The problem is:
Let $f,g:\mathbb{R}\rightarrow \mathbb{R}$, whith $n$ derivates. If exist $a\in \mathbb{R}$ with $f'(a)=\cdots =f^{(n)}(a)=0$ then $(g\circ f)^{(i)}=0$ for $i=1,...,n$
I think in use inducction for find a general expresion of $(g\circ f)^{(i)}$ and show explicit that all members are multiplicated by any derivate of $f$ but is hard get a general expresion.

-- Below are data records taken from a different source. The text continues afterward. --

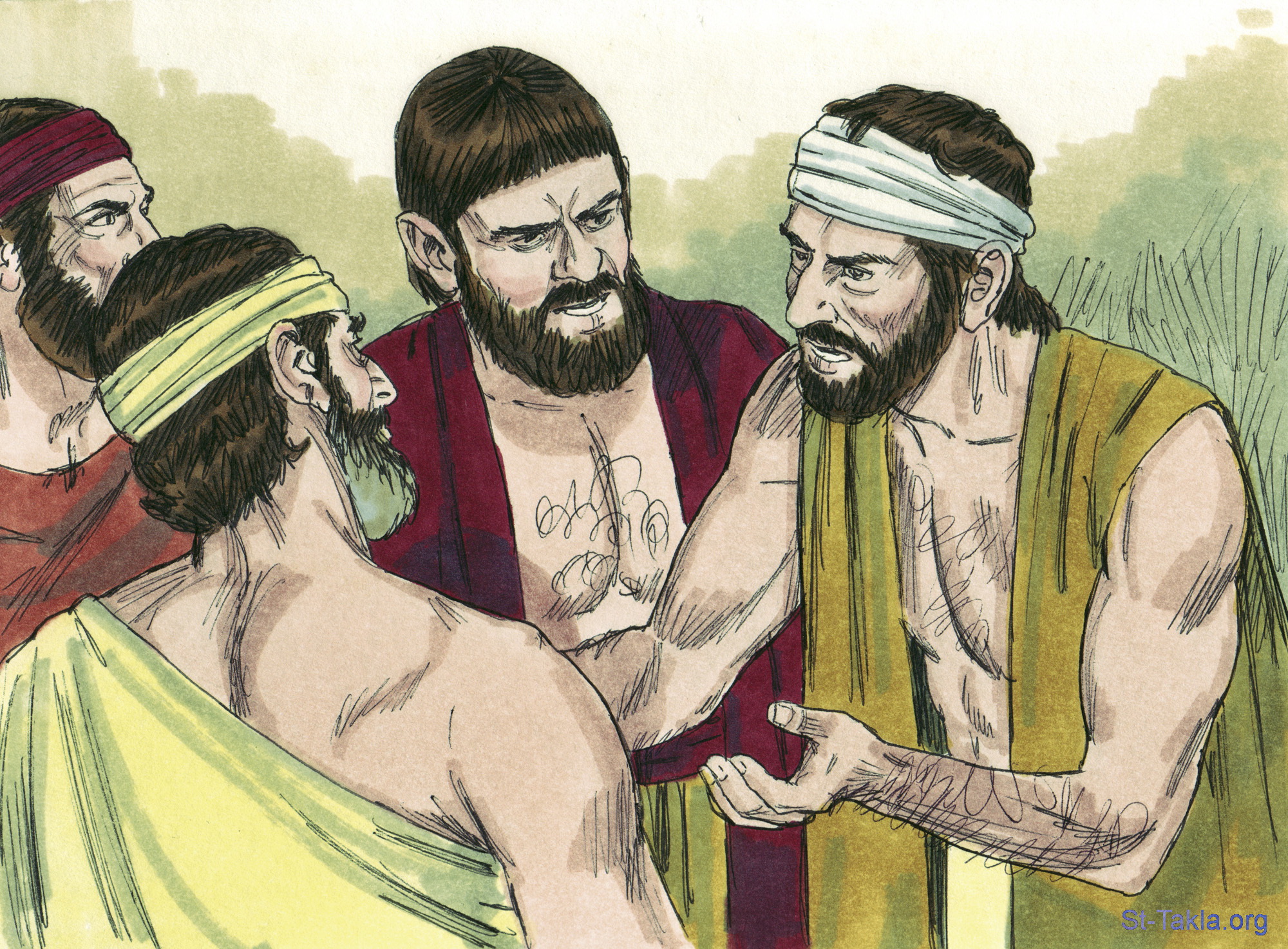"وصادفوا موسى وهارون واقفين للقائهم حين خرجوا من لدن فرعون. فقالوا لهما: «ينظر الرب إليكما ويقضي، لأنكما أنتنتما رائحتنا في عيني فرعون وفي عيون عبيده حتى تعطيا سيفا في أيديهم ليقتلونا»" (الخروج 5: 20-21) - مجموعة "موسى يقابل فرعون" (الخروج 4: 29 - 7: 16) - صورة (6) - صور سفر الخروج، رسم جيمز بادجيت (1931-2009)، إصدار شركة سويت ميديا.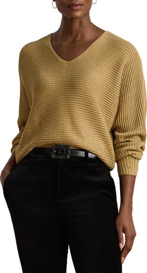 Fine metallic threads light up the ribbed stitches of this sweater knit with low dolman sleeves that further the slouchy, laid-back look.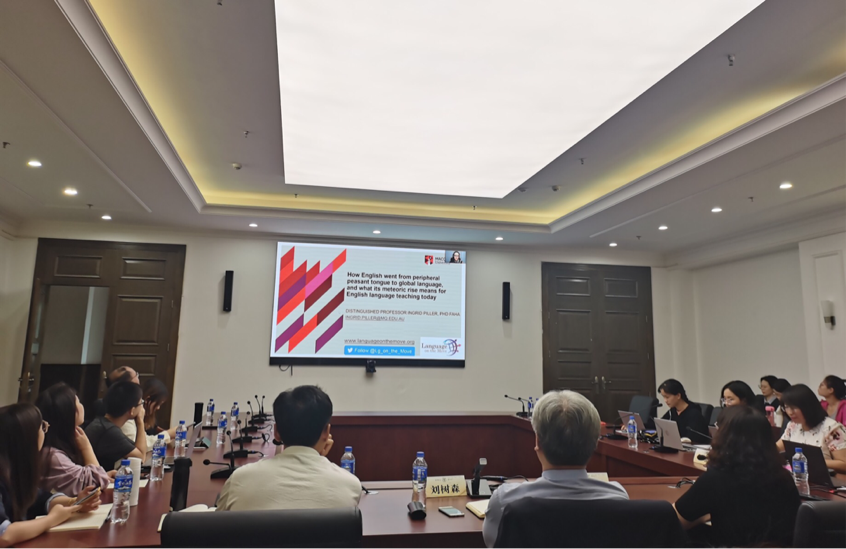 Piller教授是国际社会语言学核心期刊Multilingua及国际电子期刊Language on the Move主编,本次讲座她以《英语的近现代发展史》为题,以世界上目前现存的大约五千种语言为背景,梳理了500年来英语的起源与发展过程,尤其是英语如何从500年前被认为 “毫无价值”的农夫语言发展成为当今世界各国14亿人使用的通用语言,其中包括英国工业革命、英国17世纪以后在世界各地殖民,以及20世纪以来全球化对英语发展成为世界上通用语言所产生的影响。此外,她还探讨了英语的普及和流行对社会正义所产生的影响,例如对语言多样性的影响,使得少数族裔的语言面临存在的危机,以及美国英语和英国英语通常被认为是英语多样性中最佳的种类,母语为英语的人所使用的英语被视为最为规范的英语等涉及社会正义的认知问题。她还具体分析了英语教育在中国发展并导致英语不断普及的特征,包括英语作为小学、中学、高考和大学必修课程所产生的影响、中国英语的特征、英语所带来的与意识形态相关的问题等。 Piller教授的讲座内容放远全球,贴近现实,为从事英语教学的科研人员提供许多可借鉴的研究素材和话题,也为新时期我国的外语教育发展提供有意的参考和借鉴价值。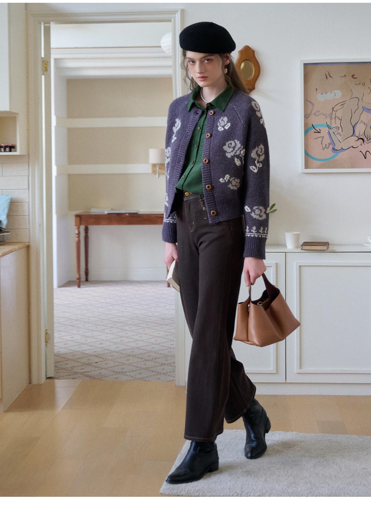 SimpleRetro法式复古高腰灯芯绒阔腿裤女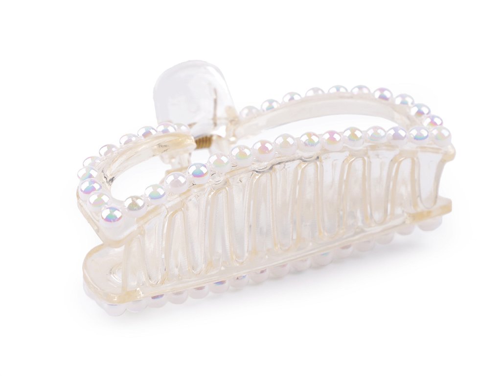 Skřipec do vlasů s perlovým designem vytvoří poutavý slavnostní účes během chvilky. Drží přesně na místě díky svému silnému stisku a dlouhým zubů. Má lesklý perlový povrch s AB efektem.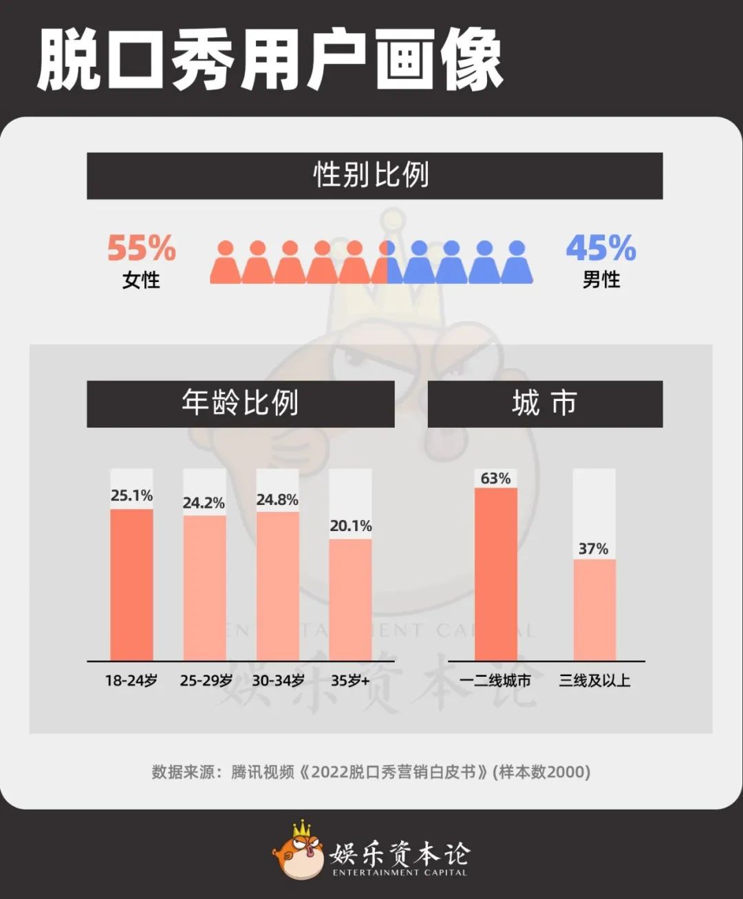 这背后的原因之一在于,脱口秀的受众人群是综艺受众中的细分领域。一二线城市、35岁以下、女性,成为脱口秀的主要人群特质。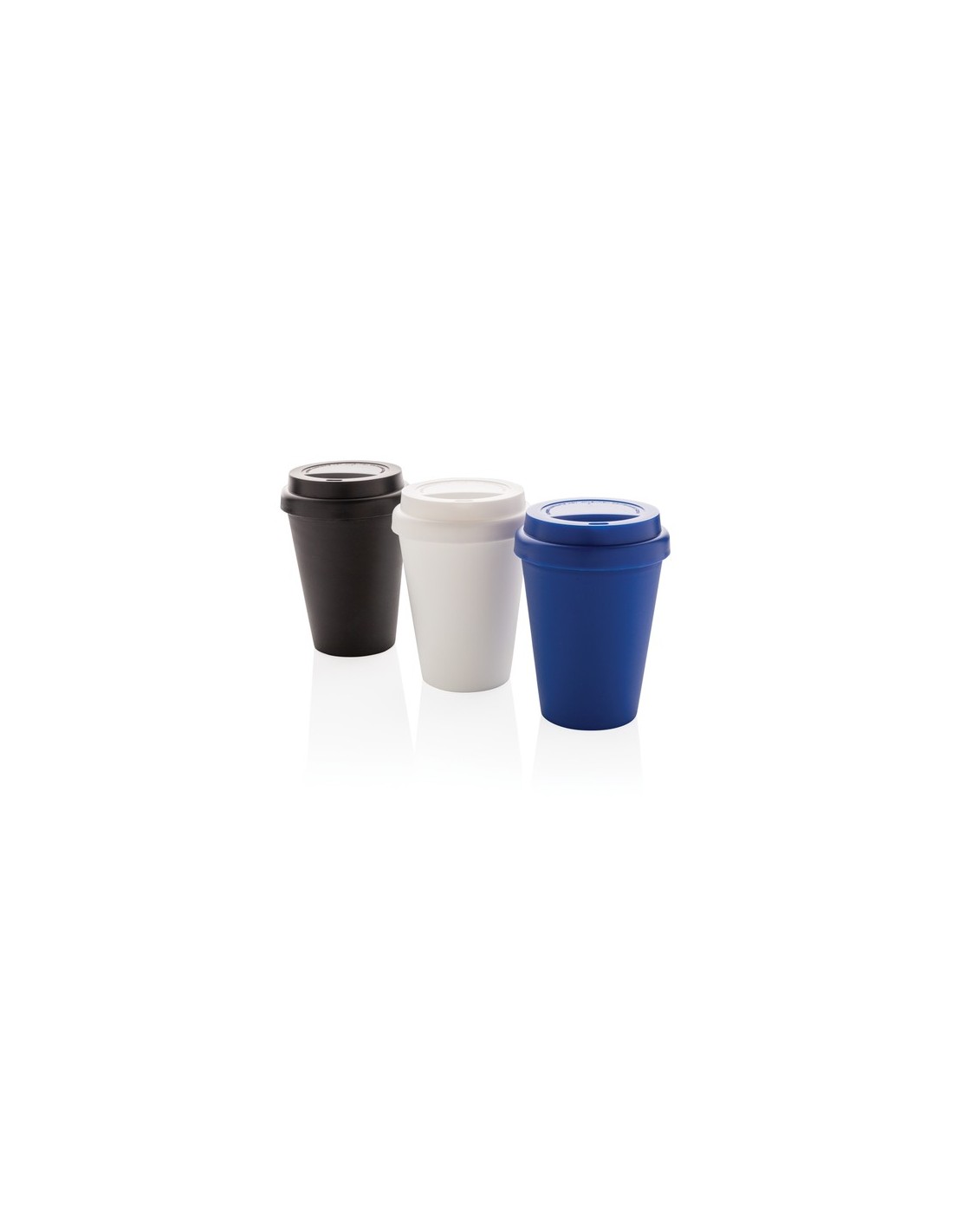 Deja de un solo uso! Trae tu propia taza y únete a la revolución de reutilización para que puedas contribuir a un mundo libre desechable. Estas tazas livianas y duraderas son perfectas para llevar tu café sobre la marcha. La taza de café es de doble pared, por lo que mantendrá tu bebida caliente por más tiempo para que la disfrutes. Las tazas son reutilizables y están hechas de material PP 100% reciclable. Seguras para alimentos de 100 grados Celsius aprobado. Las tazas tienen una tapa de rosca para evitar que la tapa se caiga mientras se bebe. Lavar únicamente a mano. Contenido: 300 ml. Material : PP Recycled Content Percent : 0 Sin materiales Bisphenol A, Libre de parafinas cloradas de cadena corta y media., Conforme directiva Phtalate content, Conforme PAHS content in Reach & ZEK 01-4-08, Conforme legislación alimentos Alemania Packaging : Polybag y a granel All print codes : Pad Print Drinkware,Digital round 360-1,SilkScreen Round - Print code default : Tampografía - parte frontal en medio - 20 x 50 mm - max color : 5 Social Audits : BSCI Total CO2 emissions : 0,36.

I foun in a book the next exercise:
If $f,g$ are functions in the same conditions then for any naturals $n_1,...,n_k$ with $n=n_1+\cdots+n_k$ exist an integer number $\alpha=\alpha(n_1,...,n_k)$
$$(g\circ f)^{(n)}=\sum_{k=1}^n \alpha(n_1,...,n_k)\cdot (g^{(k)}\circ f)\cdot f^{(n_1)}\cdot f^{(n_2)}\cdots f^{(n_k)}$$
where for each $k=1,...,n$ is valid $n=n_1+\cdots+n_k$
This theorem helps to show the dependence of the drivates of $f$ but I can't do this exercise.
Thanks for help!